Cash And Carry Hilburn's bio ask that we cross, not walk, the line from fandom to fact

Johnny Cash: The Life

Robert Hilburn (Little, Brown and Company, 2013) 688 pages with source notes, index, and guide to recordings and DVDs

Robert Hilburn’s biography of Johnny Cash prints not the legend, but “the life.” His honest, unsparing account demystifies a musician about whom there is a considerable mythology. No one who reads Hilburn can again accept the simple redemption narratives of Cash’s own autobiography and the 2005 Hollywood biopic, Walk the Line. If you’re a fan of Cash, approach this book with care. Its most arresting details concern Cash’s reckless and insensitive treatment of family members. As one reviewer writes, “[Cash] comes off like a real asshole. If he weren’t Johnny Cash, I’d hate him.” Other scholars such as Michael Streissguth have already poked holes in the Johnny Cash legend, but none have demolished it with such exhaustive attention to facts as Hilburn. Unfortunately, Hilburn’s narrow “stick to the facts” approach offers little insight into connections between Cash’s life and his music or his place in American cultural history.

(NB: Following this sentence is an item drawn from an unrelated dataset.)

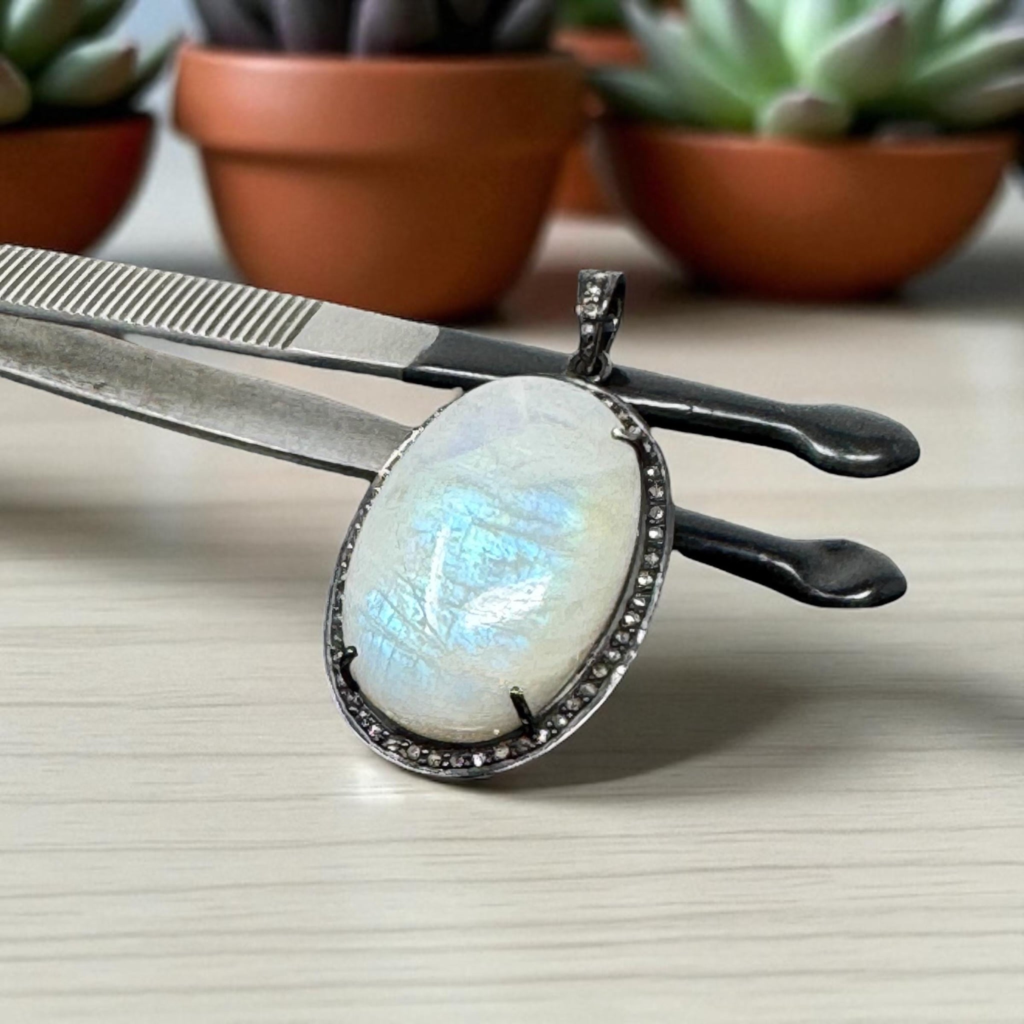 • Handmade with genuine rainbow moonstone and sparkling pave diamonds

Cash starts off likable enough. He was born in 1933, the third son of Ray and Carrie Cash, and grew up in Dyess, Arkansas, a New Deal colony for struggling farmers. Hilburn reveals little new regarding the central event in Cash’s childhood: the accidental 1944 death of his older brother, Jack, who seemed destined to become a Baptist preacher, and for which Cash was unfairly blamed by his domineering father. In 1950, Cash joined the Air Force, where he became a radio operator. His ability to decipher enemy radio transmissions signaled early his musical genius. Before departing for an Air Force base in Germany, Cash met Vivian Liberto, an Italian Catholic who became his first wife. Hilburn portrays young Cash as a shy country boy committed to Vivian and distinguished only by his strong desire to become a singer on the radio. Cash realized this ambition after a fortuitous 1954 move to Memphis. There, he impressed Sun Studios owner Sam Philips, the rock-and-roll pioneer who had recently discovered Elvis.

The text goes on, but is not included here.